The amplitude of a damped oscillator decreases to 0.9 times its original value in 5 s. In another 10 s it will decreases to…

Q: The amplitude of a damped oscillator decreases to 0.9 times its original value in 5 s. In another 10 s it will decreases to α times its original magnitude, where α is

Sol: $\large A = A_0 e^{-\frac{b t}{2m}}$

after 5 sec⁡ ,

$\large 0.9 A_0 = A_0 e^{-\frac{5 b}{2m}}$

$\large 0.9 = e^{-\frac{5 b}{2m}}$

After 10 more sec (i.e., t = 15 sec) its amplitude becomes α A0.

$\large \alpha A_0 = A_0 e^{-\frac{15 b}{2m}}$

$\large \alpha = e^{-\frac{15 b}{2m}}$

$\large \alpha = (e^{-\frac{5 b}{2m}})^3 = (0.9)^3$

= 0.729

A mass of 2 kg oscillates on a spring with force constant 50 N/m. By what factor does the frequency of oscillation decrease..

Q: A mass of 2 kg oscillates on a spring with force constant 50 N/m. By what factor does the frequency of oscillation decrease when a damping force with constant b = 12 is introduced ?

sol: $\large \omega_0 = \sqrt{\frac{50}{2}} = 5 $

$\large \omega = \sqrt{\omega_0^2 – (\frac{b}{2m})^2}$

$\large \omega = \sqrt{5^2 – 3^2} = 4 $

So , frequency reduces by 1 Hz or 20 %.

The trolley car having simple pendulum decelerated by friction. In consequence, the pendulum has time period T…

Q: The trolley car having simple pendulum decelerated by friction. In consequence, the pendulum has time period T. If T0 is time period of the simple pendulum in the absence of any acceleration of the trolley car, the value of T/T0 is …

Sol: $\large T = 2\pi \sqrt{\frac{l}{\sqrt{g^2 + a^2}}}$

a = μ g

$\large T = 2\pi \sqrt{\frac{l}{g \sqrt{1 + \mu^2}}}$

$\large T = T_0 \sqrt{\frac{1}{\sqrt{1 + \mu^2}}}$

$\large \frac{T}{T_0} = \sqrt{\frac{1}{\sqrt{1 + \mu^2}}}$

A Simple pendulum has time period ‘T1’. The point of suspension is now moved upwards according to the relation y = kt² …

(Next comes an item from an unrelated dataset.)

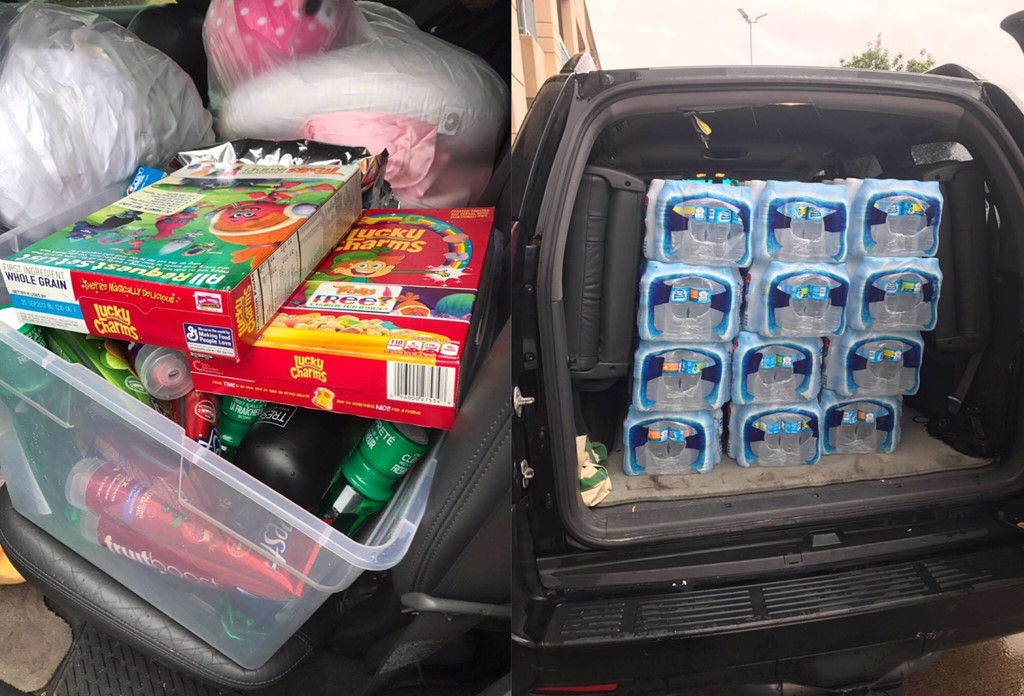 Nước và quần áo chăn gối được chở đến các nơi lánh nạn. Ảnh: Danny Nguyen.

Q: A Simple pendulum has time period ‘T1’. The point of suspension is now moved upwards according to the relation y = kt², (k = 1 m/sec²) where y is the vertical displacement. The time period now becomes ‘ T2 ’, then find the ratio of  $\frac{T_1^2}{T_2^2}$

Sol: y = k t2

$\large \frac{dy}{dt} = 2 k t $

$\large \frac{d^2y}{dt^2} = 2 k = 2 $

a = 2 m/s2 (acceleration)

$\large T_1 = 2\pi \sqrt{\frac{l}{g}}$

$\large T_2 = 2\pi \sqrt{\frac{l}{g+a}}$

$\large \frac{T_1^2}{T_2^2} = \frac{g+a}{g}$

$\large \frac{T_1^2}{T_2^2} = \frac{10+2}{10} = \frac{6}{5}$

A block of mass ‘m’ is attached to the light spring of force constant K and released when it is in its natural length…

Q: A block of mass ‘m’ is attached to the light spring of force constant K and released when it is in its natural length. Find amplitude of subsequent oscillations.

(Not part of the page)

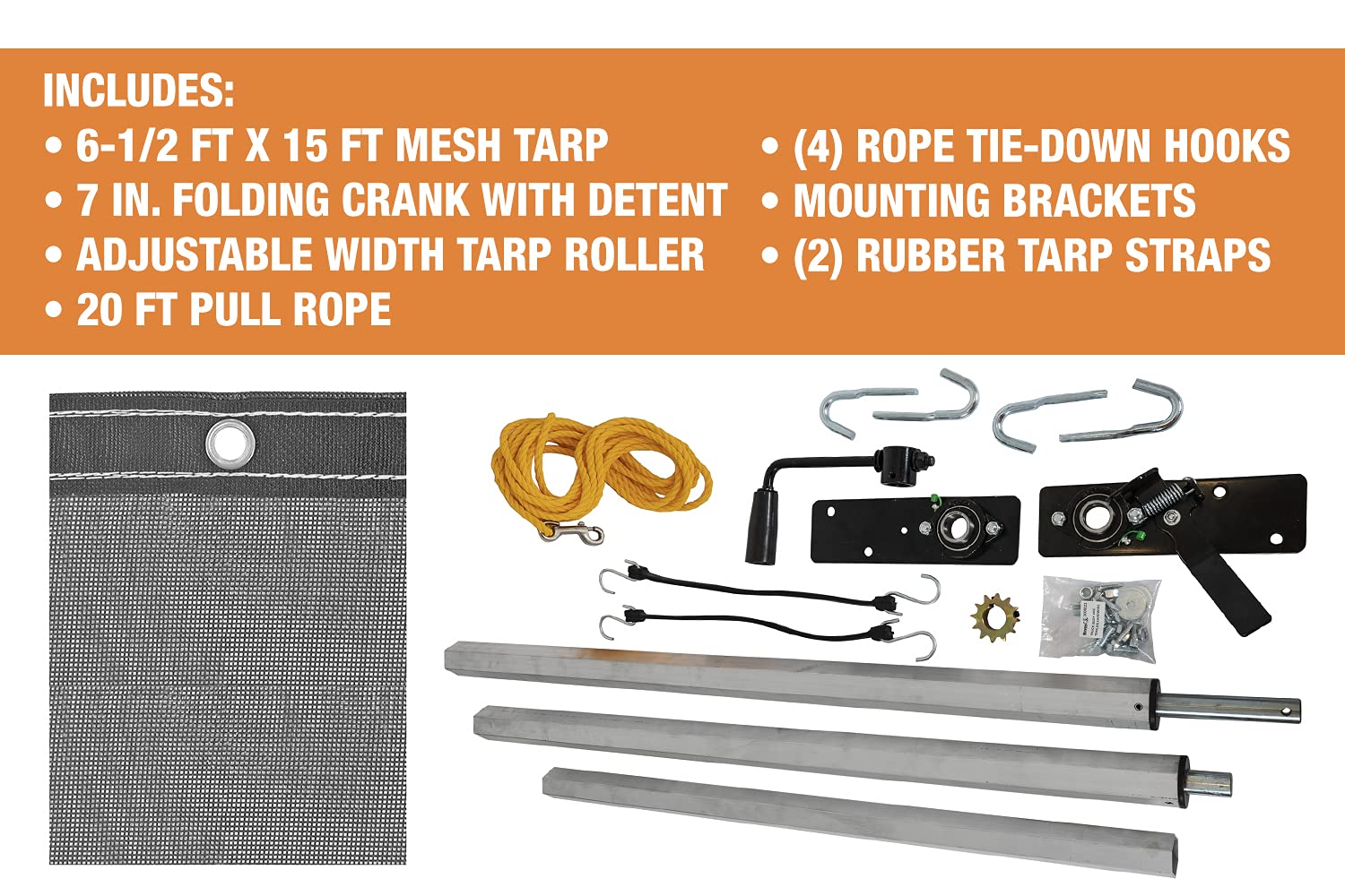 The Buyers DTR6515 Tarp Roller Kit provides a complete manual tarping solution for dump bodies and dump truck beds. This heavy-duty kit includes everything needed for quick and efficient load coverage and protection.

Sol: From conservation of energy $\large m g x = \frac{1}{2} K x^2 $

The maximum displacement of the spring in subsequent motion will be 2mg/K

From F = Kx, mg = Kx The equilibrium position of the system will occur at the extension of mg/K

amplitude $\large = \frac{2mg}{K} – \frac{mg}{K} = \frac{mg}{K} $

A particle of mass 10g executes a linear SHM of amplitude 5cm with a period of 2 s. Find the PE and KE…

Q: A particle of mass 10g executes a linear SHM of amplitude 5cm with a period of 2 s. Find the PE and KE, 1/6 s after crossing the mean position.

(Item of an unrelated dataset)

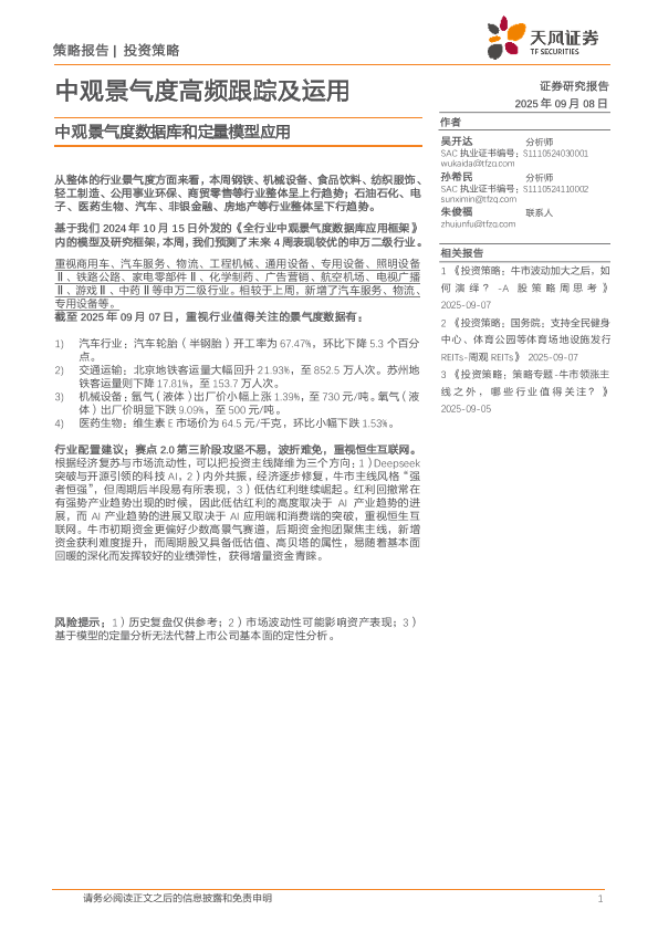 【天风证券】【202509】中观景气度高频跟踪及运用:中观景气度数据库和定量模型应用-18页

Sol: Given m = 10 g = 10-2 kg ,T = 2 s,

ω = 2π/T = 2π/2 = π rad/s

A = 5 cm = 5 × 10-2 m

$\large K.E = \frac{1}{2}m \omega^2 A^2 cos^2 \omega t $

At t=1/6 s ,

$\large K.E = \frac{1}{2}\times 10^{-2} \pi^2 (5 \times 10^{-2})^2 cos^2 \pi/6 $

= 9.25 × 10-5 J

$\large P.E = \frac{1}{2}m \omega^2 A^2 sin^2 \omega t $

$\large P.E = \frac{1}{2}\times 10^{-2} \pi^2 (5 \times 10^{-2})^2 sin^2 \pi/6 $

= 3.085 × 10-5 J